**ABOUT THIS TASK**
Scan the records below for the line with "30%OFF 色無地 身丈156.5cm" and the line with "De kapel van". Repeat those two lines and every line between them exactly, and nothing else.

**SUPPLIED INFORMATION**

____

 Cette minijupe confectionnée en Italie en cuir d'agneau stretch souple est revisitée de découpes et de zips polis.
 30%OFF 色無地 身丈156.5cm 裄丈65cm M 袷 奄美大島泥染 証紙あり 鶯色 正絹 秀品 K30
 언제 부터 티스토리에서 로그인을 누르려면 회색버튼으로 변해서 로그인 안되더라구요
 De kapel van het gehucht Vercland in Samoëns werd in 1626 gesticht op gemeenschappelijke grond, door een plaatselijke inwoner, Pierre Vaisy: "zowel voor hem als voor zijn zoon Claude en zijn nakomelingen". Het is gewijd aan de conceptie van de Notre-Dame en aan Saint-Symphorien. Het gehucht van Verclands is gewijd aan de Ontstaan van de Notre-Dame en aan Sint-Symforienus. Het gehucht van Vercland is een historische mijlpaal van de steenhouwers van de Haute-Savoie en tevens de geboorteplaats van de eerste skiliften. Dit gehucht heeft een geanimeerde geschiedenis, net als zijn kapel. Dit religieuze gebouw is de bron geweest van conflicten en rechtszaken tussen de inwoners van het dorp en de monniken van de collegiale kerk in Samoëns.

____

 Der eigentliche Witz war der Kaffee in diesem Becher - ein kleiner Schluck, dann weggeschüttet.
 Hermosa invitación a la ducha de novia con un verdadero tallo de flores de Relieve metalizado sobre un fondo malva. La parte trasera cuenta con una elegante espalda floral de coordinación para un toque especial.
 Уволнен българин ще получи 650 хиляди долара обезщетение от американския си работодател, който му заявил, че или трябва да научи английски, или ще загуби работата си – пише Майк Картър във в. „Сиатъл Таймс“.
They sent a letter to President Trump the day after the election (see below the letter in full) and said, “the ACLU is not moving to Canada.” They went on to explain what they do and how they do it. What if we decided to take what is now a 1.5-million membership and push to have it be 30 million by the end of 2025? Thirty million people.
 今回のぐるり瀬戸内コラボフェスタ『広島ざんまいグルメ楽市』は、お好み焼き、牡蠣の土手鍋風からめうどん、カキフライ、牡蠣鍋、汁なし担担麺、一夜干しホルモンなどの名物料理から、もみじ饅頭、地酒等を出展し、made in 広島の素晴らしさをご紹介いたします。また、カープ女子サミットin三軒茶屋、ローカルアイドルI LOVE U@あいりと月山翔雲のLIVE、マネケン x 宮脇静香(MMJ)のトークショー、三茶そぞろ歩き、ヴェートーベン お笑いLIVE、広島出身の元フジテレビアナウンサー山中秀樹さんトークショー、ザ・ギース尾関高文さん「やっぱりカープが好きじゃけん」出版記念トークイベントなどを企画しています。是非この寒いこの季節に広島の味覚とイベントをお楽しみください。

____

**TASK OUTPUT**
 30%OFF 色無地 身丈156.5cm 裄丈65cm M 袷 奄美大島泥染 証紙あり 鶯色 正絹 秀品 K30
 언제 부터 티스토리에서 로그인을 누르려면 회색버튼으로 변해서 로그인 안되더라구요
 De kapel van het gehucht Vercland in Samoëns werd in 1626 gesticht op gemeenschappelijke grond, door een plaatselijke inwoner, Pierre Vaisy: "zowel voor hem als voor zijn zoon Claude en zijn nakomelingen". Het is gewijd aan de conceptie van de Notre-Dame en aan Saint-Symphorien. Het gehucht van Verclands is gewijd aan de Ontstaan van de Notre-Dame en aan Sint-Symforienus. Het gehucht van Vercland is een historische mijlpaal van de steenhouwers van de Haute-Savoie en tevens de geboorteplaats van de eerste skiliften. Dit gehucht heeft een geanimeerde geschiedenis, net als zijn kapel. Dit religieuze gebouw is de bron geweest van conflicten en rechtszaken tussen de inwoners van het dorp en de monniken van de collegiale kerk in Samoëns.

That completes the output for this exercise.